Exercise instructions: Pictures should be left out when the listing below is repeated word for word.

[Start of Attachment]

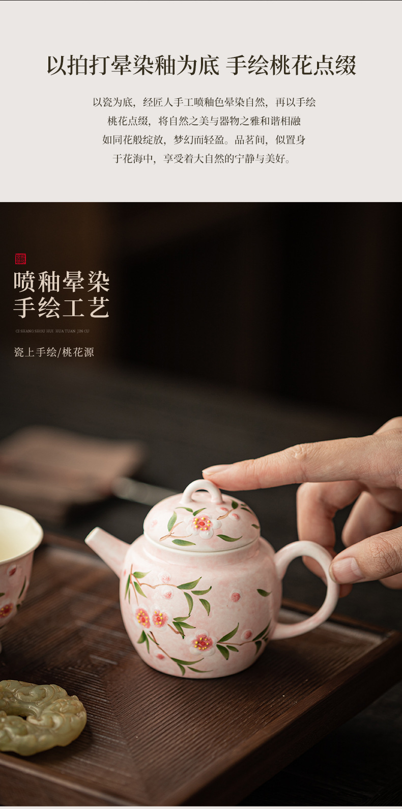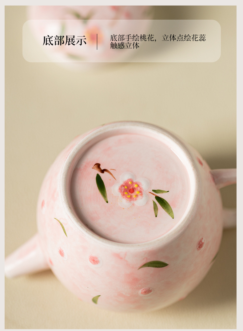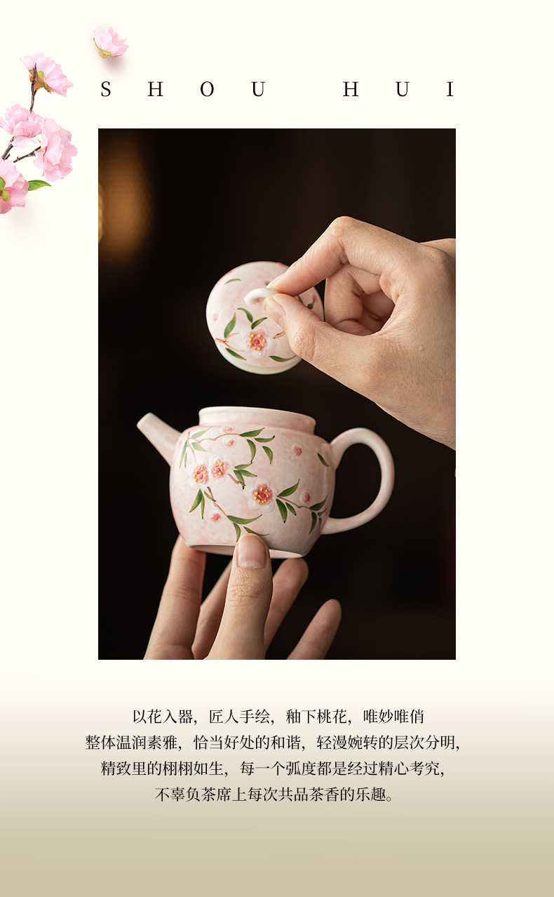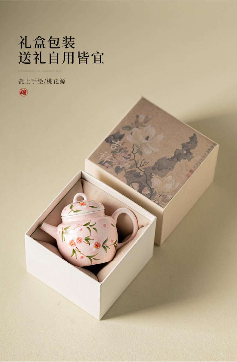 Bộ ấm chén trà Kung Fu gốm sứ nhỏ họa tiết hoa đào vẽ tay, hộp quà tặng
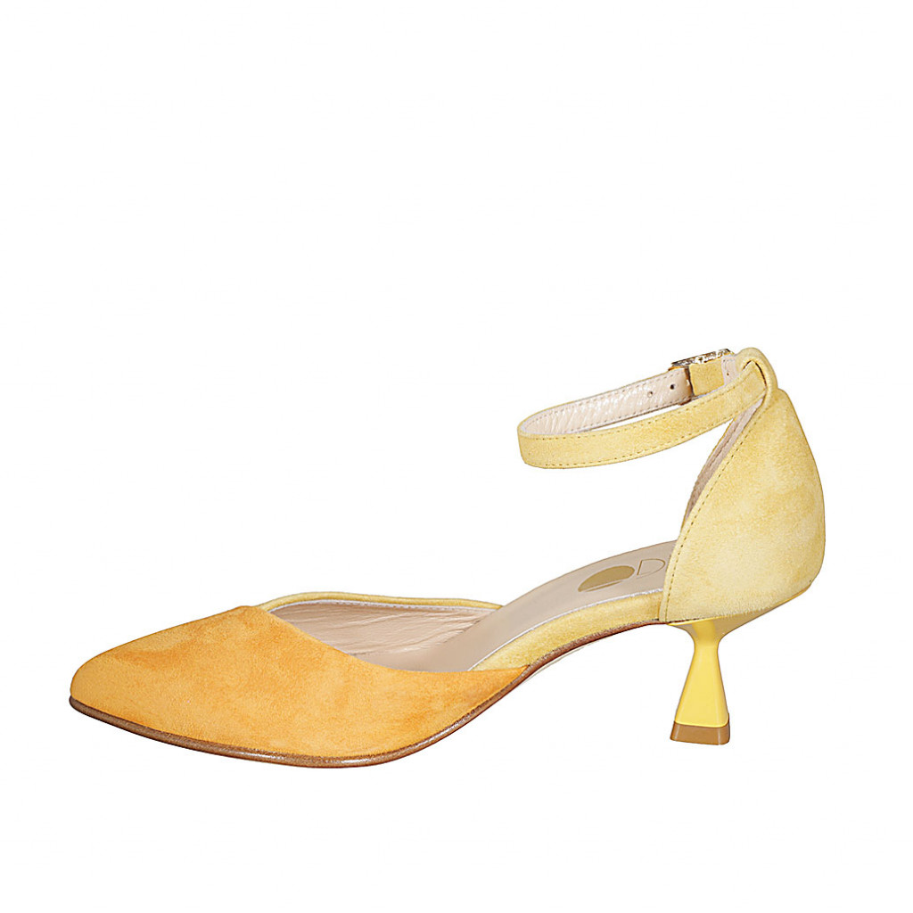 Woman's pointy open shoe with strap in yellow and orange suede heel 6
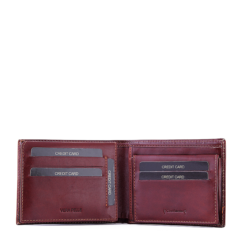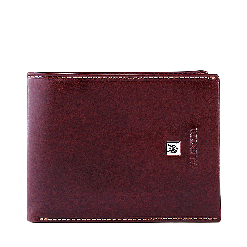 Herrenbrieftasche aus glänzendem Rindsleder mit Valentini-Aufschrift und Metallplakette. Mit zwei Papiergeldhaltern und einem patentierten abschließbaren Euro-Wechselgeldhalter. Mit ausklappbarer Karte und Ordnern im Inneren.
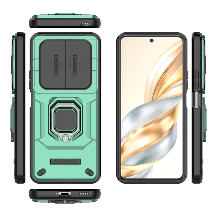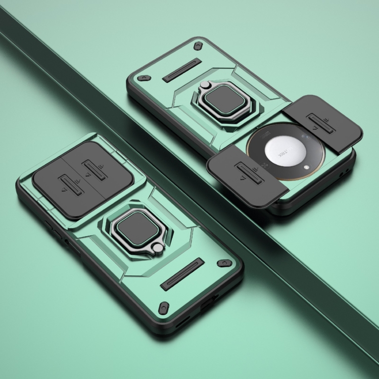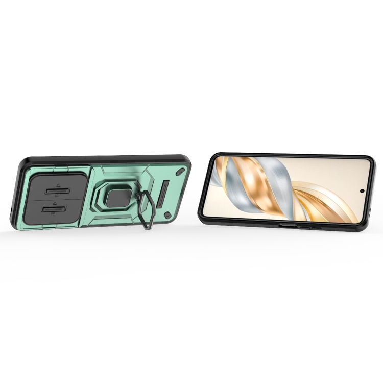 Funda para Honor X60 5G con Soporte y Carcasa Deslizante TPU y PC (Verde)
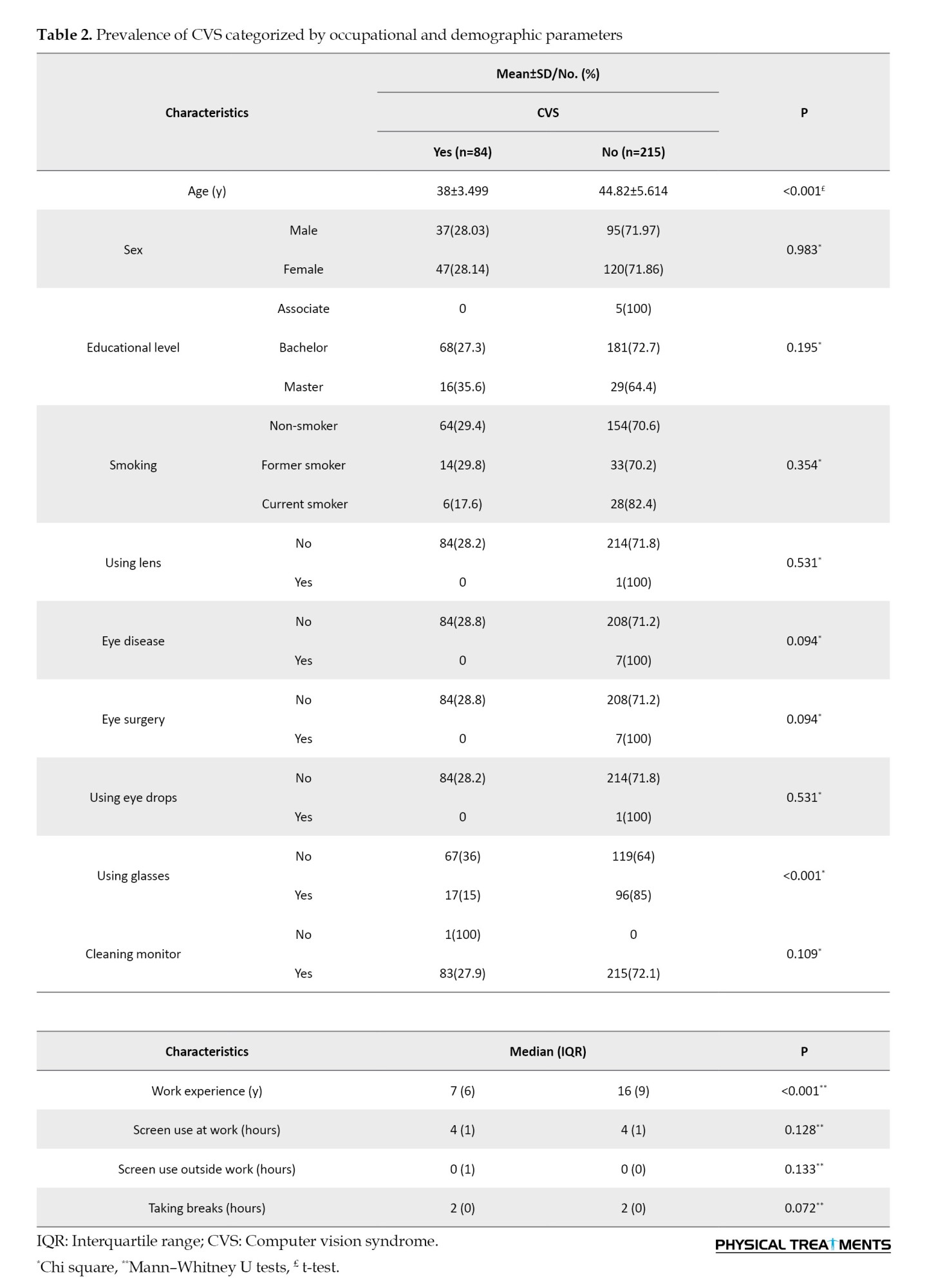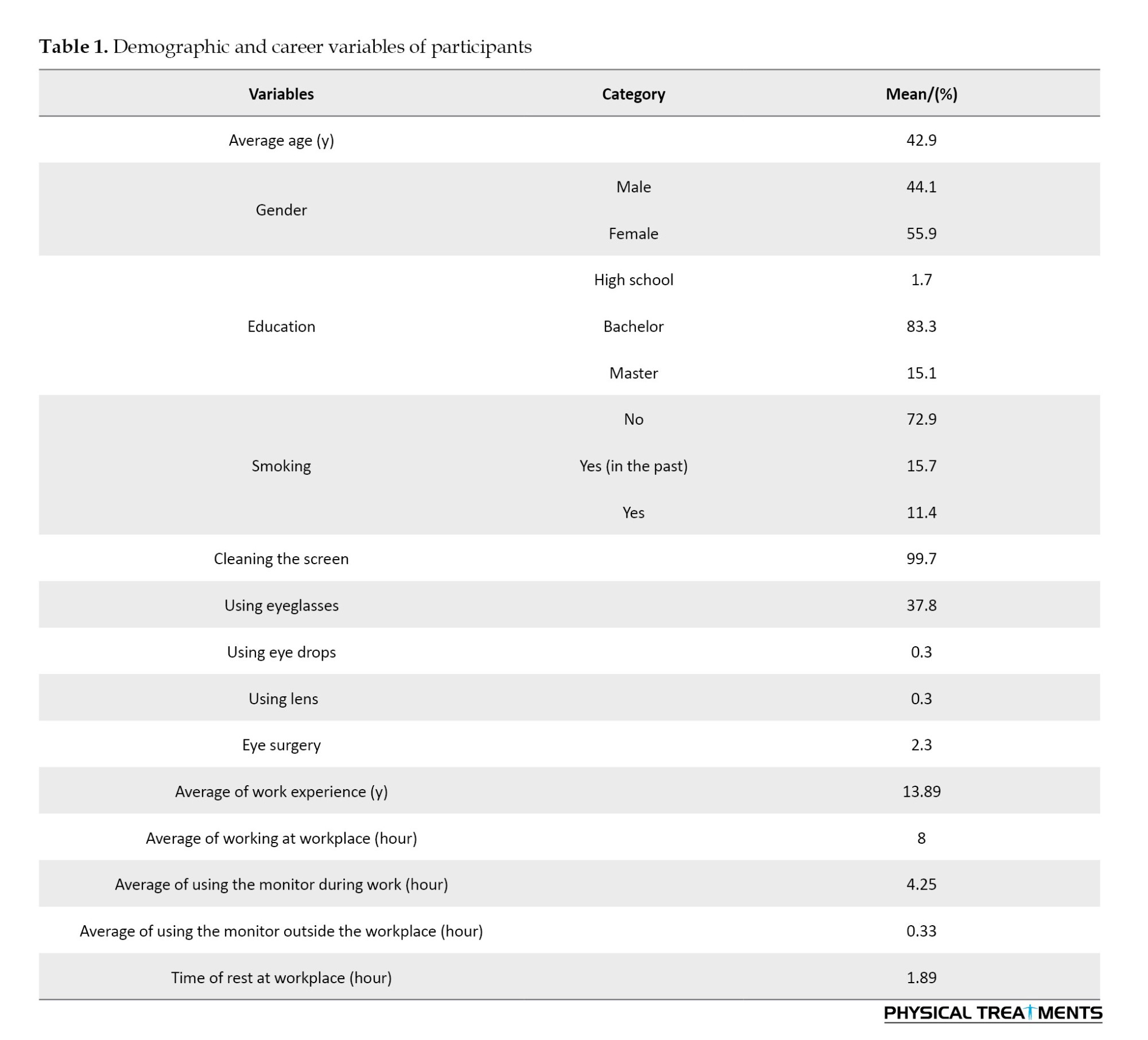 A total of 299 questionnaires were collected from administrative staff at a specific university center in Iran. The mean age of participants was 42.9 years (range: 29-59) with a gender distribution of 44.1% male and 55.9% female. Among the participants, 27.1% reported a history of smoking. Additionally, regular screen cleaning (99.7%) was the most frequently reported visual intervention. Participants spent an average of 4.25 hours per day using a monitor at work, with 2-6 hours dedicated to this activity. Outside of work hours, individuals used a monitor for an average of 0.33 hours, and allocated 1.89 hours for breaks during work (Table 1).

[End of Attachment]

Solution for this exercise:
 Bộ ấm chén trà Kung Fu gốm sứ nhỏ họa tiết hoa đào vẽ tay, hộp quà tặng
 Woman's pointy open shoe with strap in yellow and orange suede heel 6
 Herrenbrieftasche aus glänzendem Rindsleder mit Valentini-Aufschrift und Metallplakette. Mit zwei Papiergeldhaltern und einem patentierten abschließbaren Euro-Wechselgeldhalter. Mit ausklappbarer Karte und Ordnern im Inneren.
 Funda para Honor X60 5G con Soporte y Carcasa Deslizante TPU y PC (Verde)
 A total of 299 questionnaires were collected from administrative staff at a specific university center in Iran. The mean age of participants was 42.9 years (range: 29-59) with a gender distribution of 44.1% male and 55.9% female. Among the participants, 27.1% reported a history of smoking. Additionally, regular screen cleaning (99.7%) was the most frequently reported visual intervention. Participants spent an average of 4.25 hours per day using a monitor at work, with 2-6 hours dedicated to this activity. Outside of work hours, individuals used a monitor for an average of 0.33 hours, and allocated 1.89 hours for breaks during work (Table 1).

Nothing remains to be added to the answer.